Searching a website

Is there any package that could help me with indexing my website content for a search engine. I imagine we could index the real page content, and not a grid that could not contain the rendered data if it is a specific block. My idea would be on publish, to render the grid, or even the page and extract the structure of the page. I could group the indexing by tag H1, H2, and what ever attribute. And in my search apply some boosting related to kind of fields that have been extracted. This could be more straight forward and customizable, then applying logic for each block in your grid ?

This should be a more robust for a generic text search engine. We could extend that basic search with more specialized fields for some types using taxonomies (tags, or any categorization).

Hi Laurent. I wonder if you’re familiar with thebuilt in search functionality Umrbaco already has? It’s pretty fantastic and functional.
We’ve always been able to build on / extend the built in search to accomplish whatever the defined requirements!

Maybe Growcreate Schema Generator | Umbraco Marketplace ??

1 Like

Umbraco already indexes content into a Lucene index which you can query using Examine. You can perform queries using wildcards and boosting and even add/change the field values when content gets indexed. It may be worth you looking into that using the link @pc-pdx posted above to see if that fits your needs before trying to write something yourself.

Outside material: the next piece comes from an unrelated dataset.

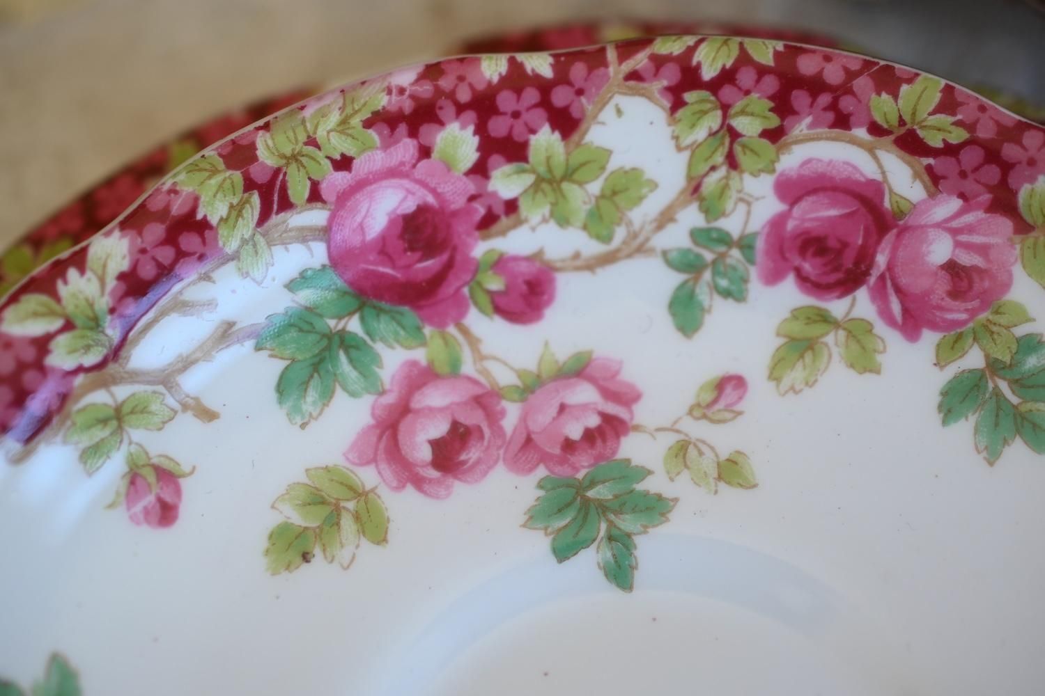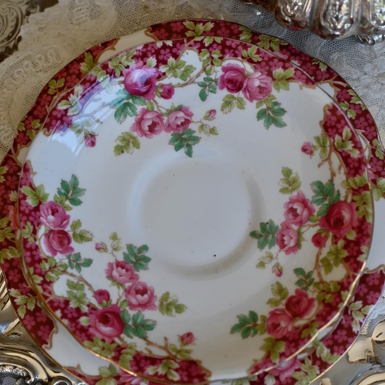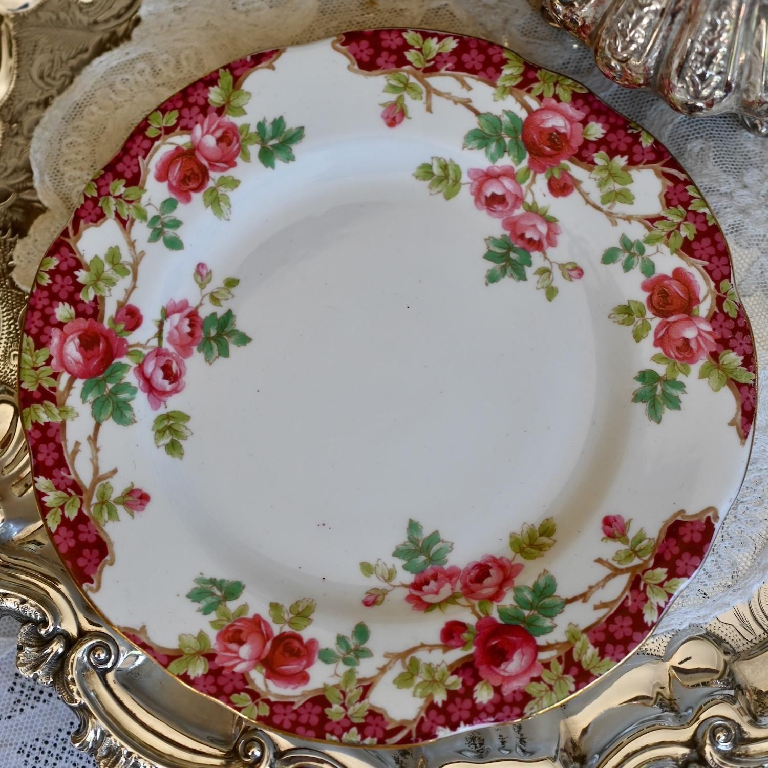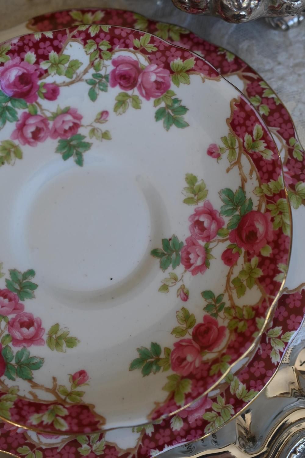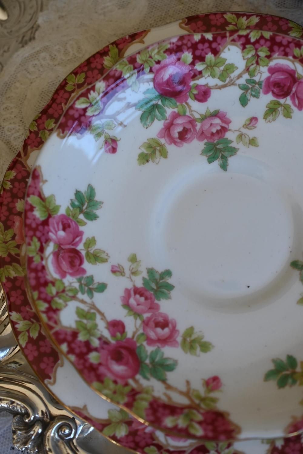 上品な濃いピンクを基調にして、伸びた枝から沢山のバラが咲いています。葉は2色のグリーンで色付けされ、生き生きとした感じの絵柄です。丁寧に作られており、質の高いヴィンテージのお品です。

Alternatively, I know people have used other external search providers with Umbraco such as Algolia and Azure Search if that’s what you need?

1 Like

my question is more about indexing then searching… Searching is easy, but how to index efficiently is another story ?
if i look now in my index that contains the blockgrid , there is nothing i can do with it… my block grid contains a lot of external content, that make me things to be reusable or even more dynamic things. so out of the box there is nothing i can do with the current indexes :slight_smile:
So my idea was to index the rendered output of any published content, this is for the text search functionality, this could be extended with additional criteria that can depend of the type of objects we are looking for.
Using semantics of the page through his structure H1, H2 and microdata could be a way to refine your search results… Terms in H1 could be boosted for instance comparing to plain text terms. I could even add some attributes to sections, to manually boost the content. Basically, content that is directly linked to the page should have a better prevalence, then a list of related items…
Yah it sounds like a bit overloaded.. Just thinking on how to make it all efficient with a minimal effort which is already more extended that the effort umbraco puts in.
I guess yes there are a lot of alternatives, but if you want to go for a CMS with a full set of features , umbraco could be at the end a lower option for small/medium organizations related on what other cms can offer.
In a short term i would like to have my own Umbraco template and code base, ready for most of modern functionality and implementable in terms of days or at max weeks (regardless the design part) ? But I already have a themed base setup, which works pretty well :=-)

You can create your own custom indexes and add/amend fields in the index when they are populated, in case you need to pull in data from other pages or from external sources. It may not be an elegant solution, as you would need to parse Block Grid JSON but you can create an index that suits your needs with a lot of customisation.

Including other pages and content in your index does raise issues as you would need to consider when related pages change they also reflect in the index otherwise your index can get stale and not reflect your current content.

I hope that helps!